*** Opening of Given records ***
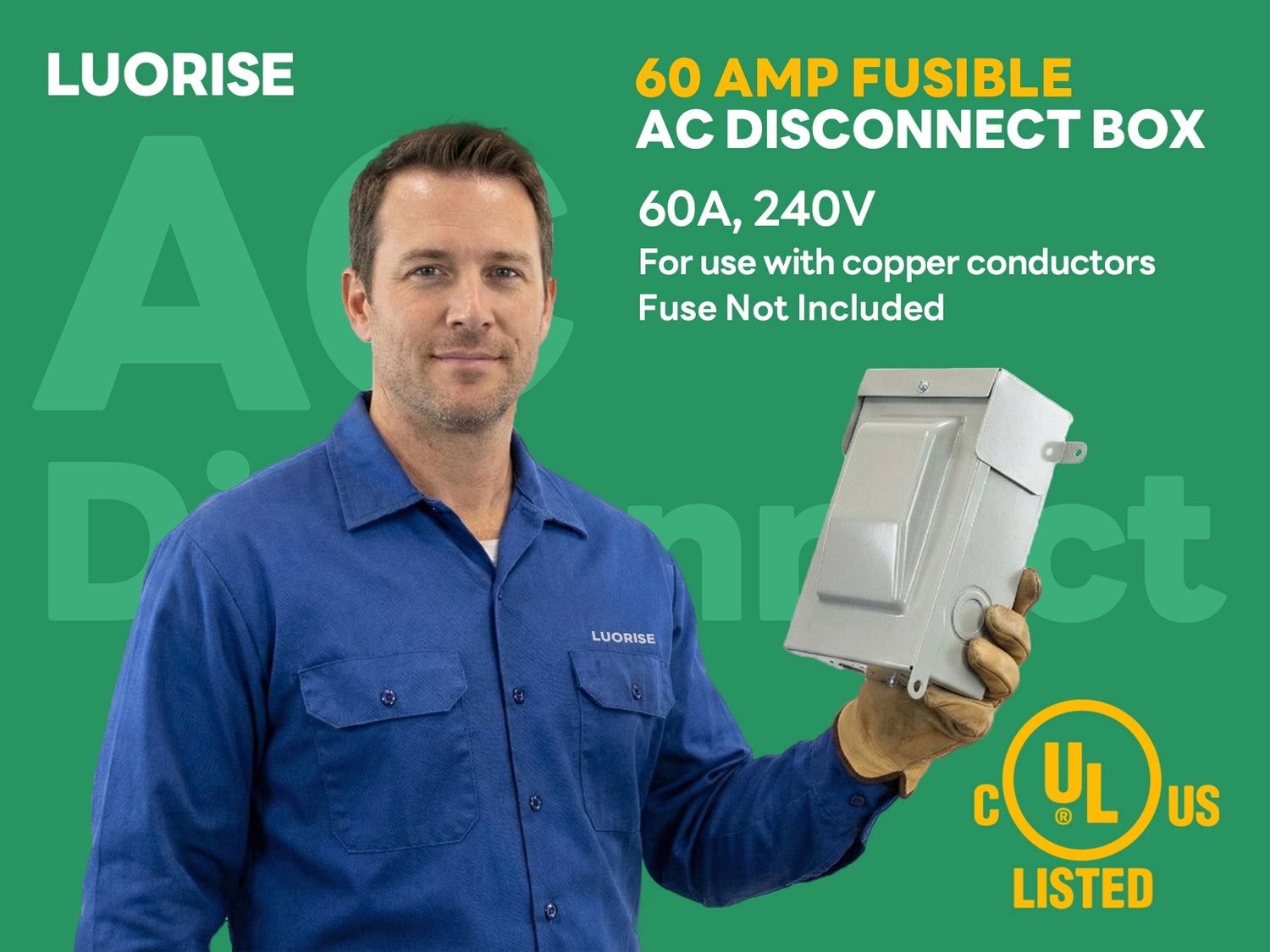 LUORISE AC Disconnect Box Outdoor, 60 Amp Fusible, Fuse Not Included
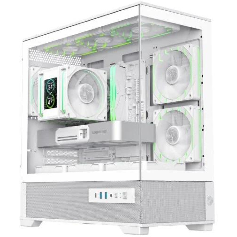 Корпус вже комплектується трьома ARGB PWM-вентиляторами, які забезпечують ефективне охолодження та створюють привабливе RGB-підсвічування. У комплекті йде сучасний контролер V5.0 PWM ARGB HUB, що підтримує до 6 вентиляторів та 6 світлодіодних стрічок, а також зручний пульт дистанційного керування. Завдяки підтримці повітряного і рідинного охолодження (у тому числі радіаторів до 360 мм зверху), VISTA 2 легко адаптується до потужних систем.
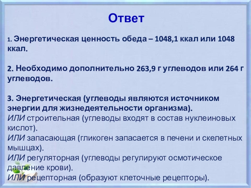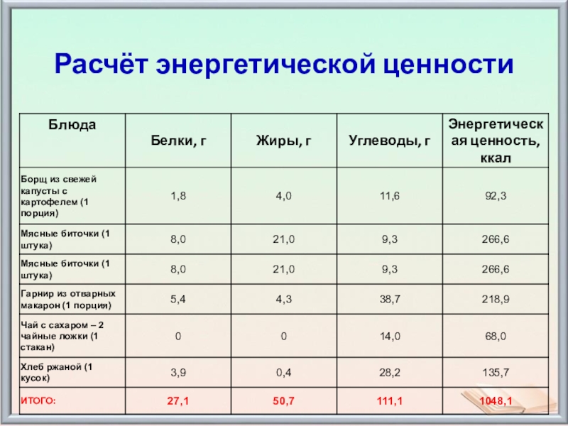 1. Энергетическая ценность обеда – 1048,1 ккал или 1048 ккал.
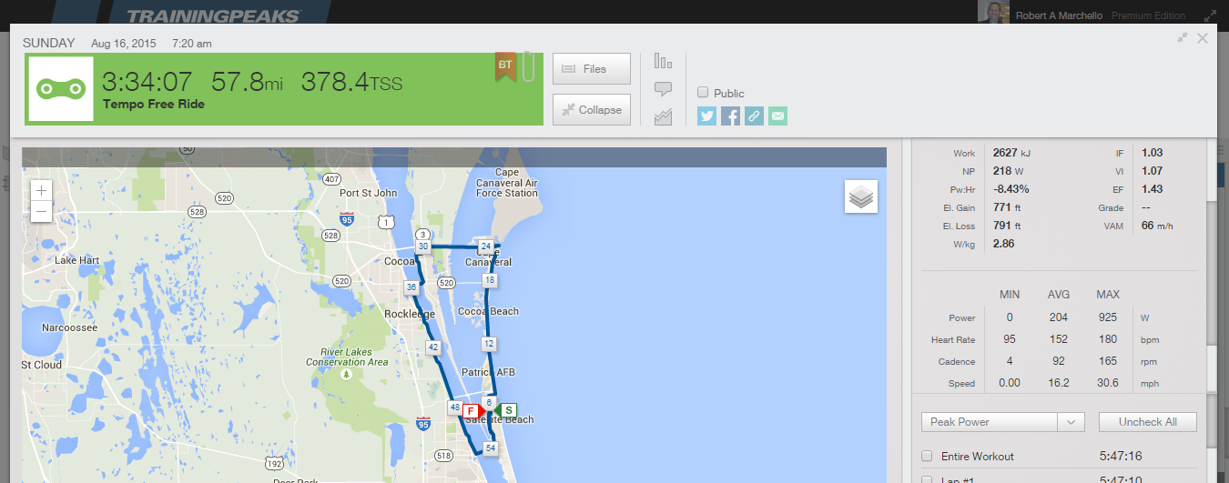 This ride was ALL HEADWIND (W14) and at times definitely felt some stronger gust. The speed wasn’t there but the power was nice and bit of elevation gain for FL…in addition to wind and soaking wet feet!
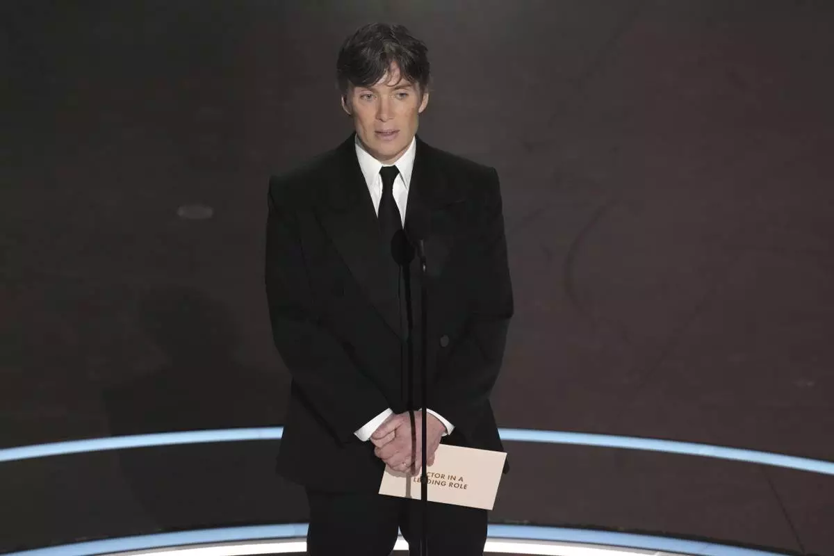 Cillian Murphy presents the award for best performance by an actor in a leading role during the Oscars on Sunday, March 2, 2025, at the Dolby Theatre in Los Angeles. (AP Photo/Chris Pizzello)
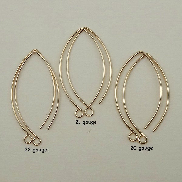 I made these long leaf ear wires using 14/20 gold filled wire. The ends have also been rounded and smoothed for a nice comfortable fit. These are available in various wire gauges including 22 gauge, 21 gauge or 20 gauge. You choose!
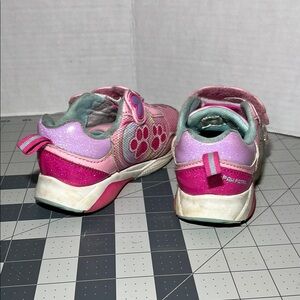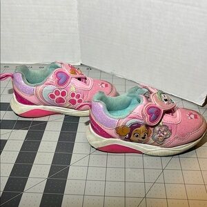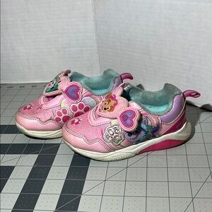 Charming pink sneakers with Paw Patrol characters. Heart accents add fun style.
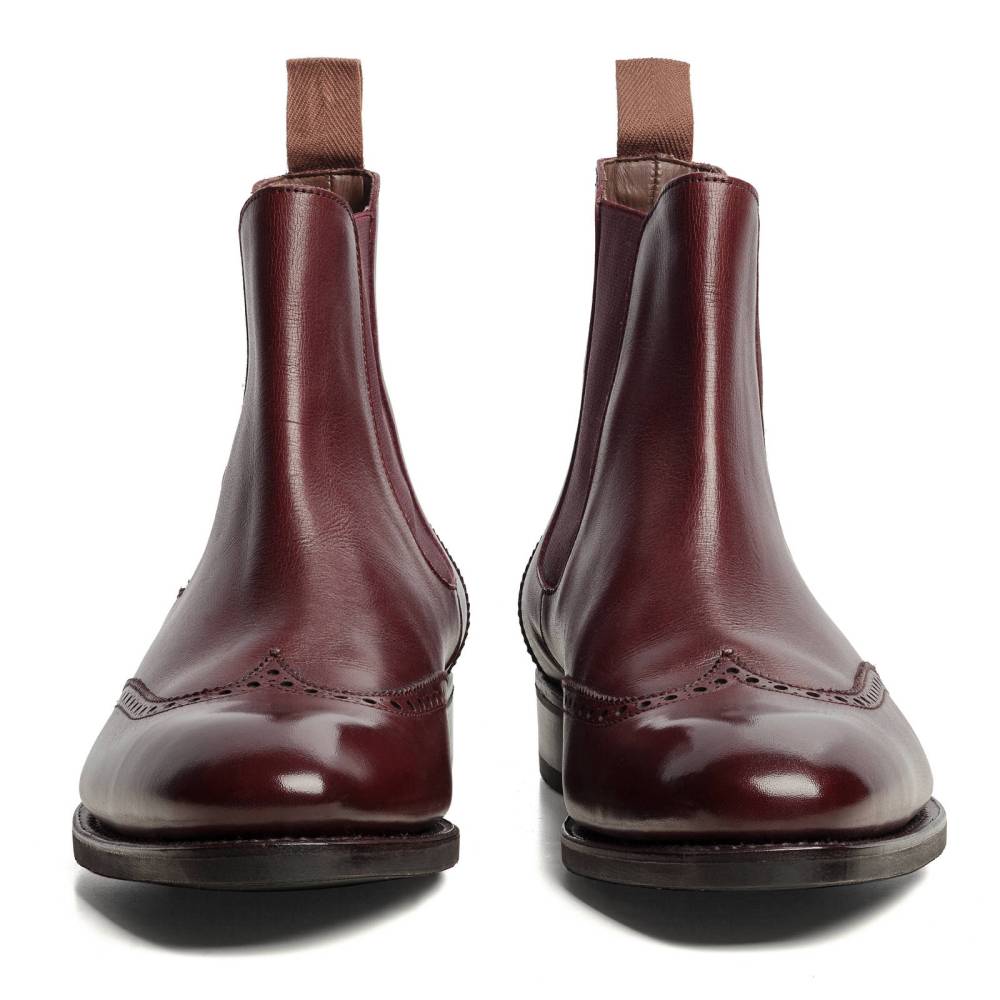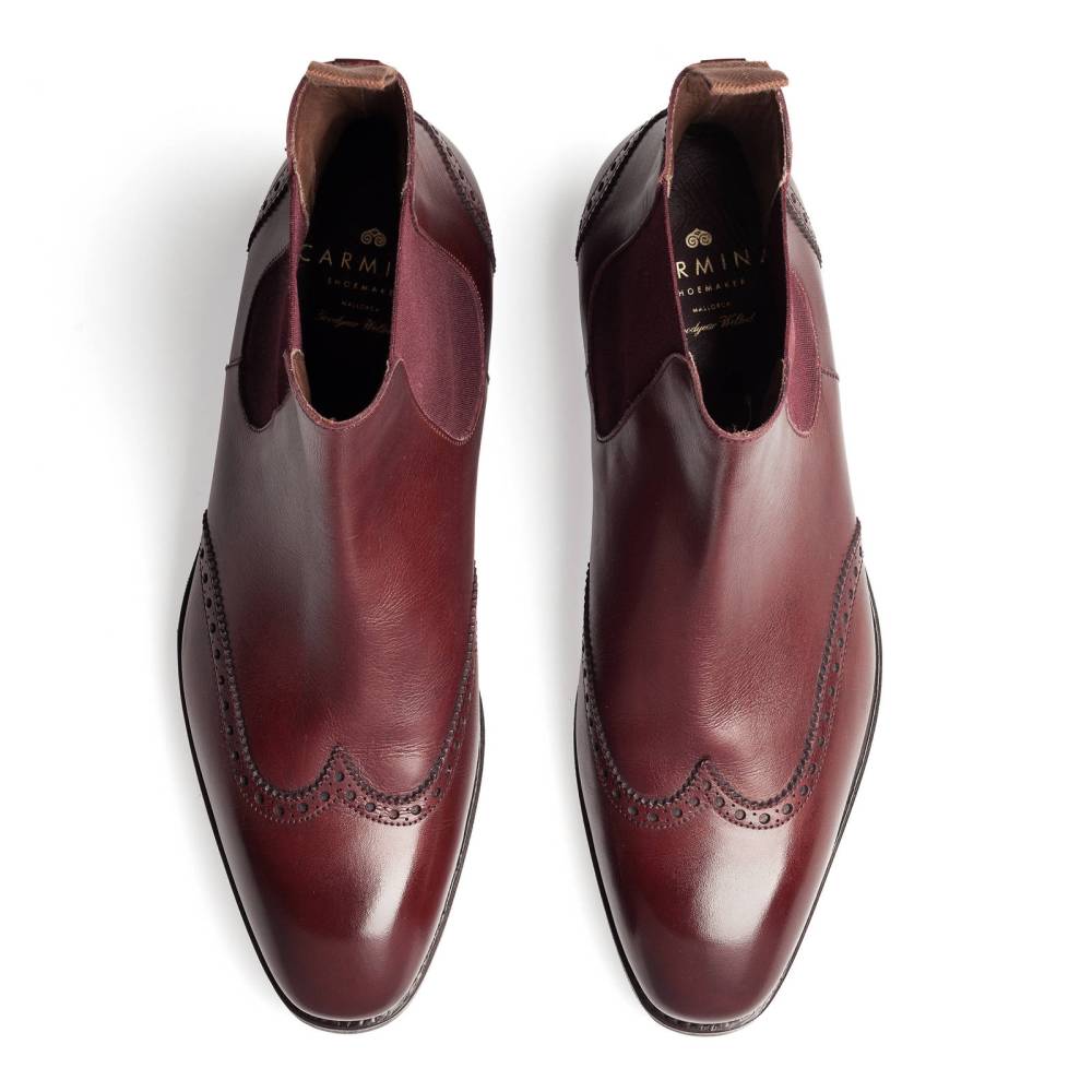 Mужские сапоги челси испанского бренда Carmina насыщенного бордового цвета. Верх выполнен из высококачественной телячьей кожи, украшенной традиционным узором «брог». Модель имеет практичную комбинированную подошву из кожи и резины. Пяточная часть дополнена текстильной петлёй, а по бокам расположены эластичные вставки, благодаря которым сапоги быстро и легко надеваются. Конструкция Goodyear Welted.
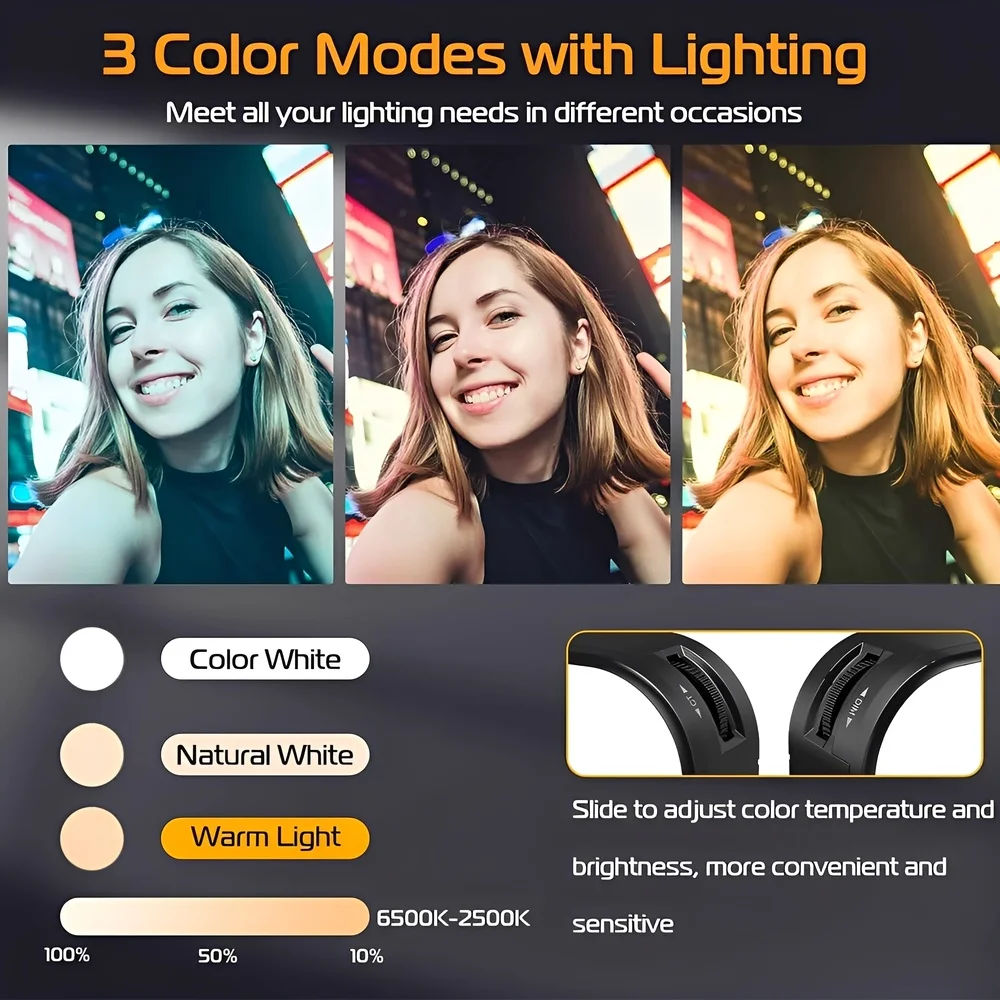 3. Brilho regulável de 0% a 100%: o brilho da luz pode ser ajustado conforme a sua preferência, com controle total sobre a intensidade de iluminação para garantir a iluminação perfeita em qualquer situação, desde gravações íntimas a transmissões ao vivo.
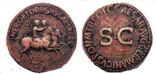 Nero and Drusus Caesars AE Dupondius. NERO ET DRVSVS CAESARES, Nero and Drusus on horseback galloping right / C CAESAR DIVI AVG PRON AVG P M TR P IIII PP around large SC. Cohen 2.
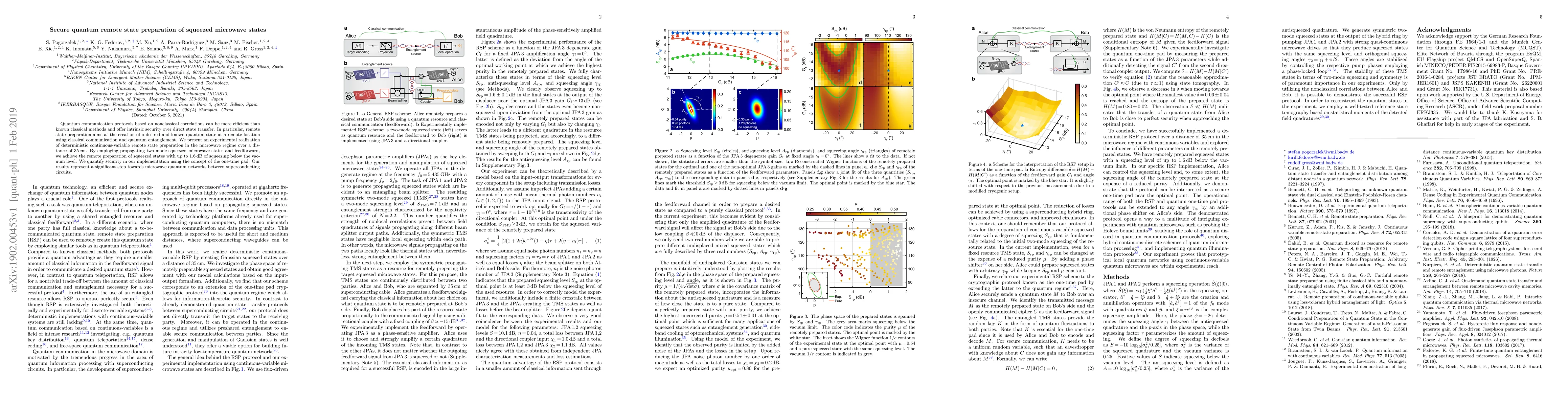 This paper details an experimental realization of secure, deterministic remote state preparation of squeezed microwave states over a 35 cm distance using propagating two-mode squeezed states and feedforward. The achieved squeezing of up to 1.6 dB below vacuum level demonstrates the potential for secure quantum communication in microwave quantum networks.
*** Close of Given records ***
About this exercise: The answer should contain only the lines from the beginning of the material above through the line with "1. Энергетическая ценность", retyped exactly, with the pictures removed.

Answer for the task:
 LUORISE AC Disconnect Box Outdoor, 60 Amp Fusible, Fuse Not Included
 Корпус вже комплектується трьома ARGB PWM-вентиляторами, які забезпечують ефективне охолодження та створюють привабливе RGB-підсвічування. У комплекті йде сучасний контролер V5.0 PWM ARGB HUB, що підтримує до 6 вентиляторів та 6 світлодіодних стрічок, а також зручний пульт дистанційного керування. Завдяки підтримці повітряного і рідинного охолодження (у тому числі радіаторів до 360 мм зверху), VISTA 2 легко адаптується до потужних систем.
 1. Энергетическая ценность обеда – 1048,1 ккал или 1048 ккал.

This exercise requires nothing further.